Iterator it = coll.iterator();
boolean containedP = false;
while (it.hasNext()) {
Point nextP = it.next();
if (nextP.equals(p)) {
containedP = true;
break;
}
}

System.out.println(containedP); // prints true

So here's a set that does not contain p, yet p is among the elements of the set! What happened, of course, is that after the change to the x field, the point p ended up in the wrong hash bucket of the set coll. That is, its original hash bucket no longer corresponded to the new value of its hash code. In a manner of speaking, the point p “dropped out of sight” in the set coll even though it still belonged to its elements.

The lesson to be drawn from this example is that when equals and hashCode depend on mutable state, it may cause problems for users. If they put such objects into collections, they have to be careful never to modify the depended-on state, and this is tricky. If you need a comparison that takes the current state of an object into account, you should usually name it something else, not equals. Considering the last definition of Point, it would have been preferable to omit a redefinition of hashCode and to name the comparison method equalContents, or some other name different from equals. Point would then have inherited the default implementation of equals and hashCode.
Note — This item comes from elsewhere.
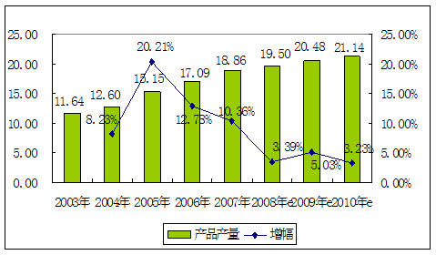 2003—2010年锑矿采选产量 分析 及预测图

So p would have stayed locatable in coll even after the modification to its x field.

Pitfall #4: Failing to define equals as an equivalence relation

The contract of the equals method in Object specifies that equals must implement an equivalence relation on non-null objects:

  • It is reflexive: for any non-null value x, the expression x.equals(x) should return true.
  • It is symmetric: for any non-null values x and y, x.equals(y) should return true if and only if y.equals(x) returns true.
  • It is transitive: for any non-null values x, y, and z, if x.equals(y) returns true and y.equals(z) returns true, then x.equals(z) should return true.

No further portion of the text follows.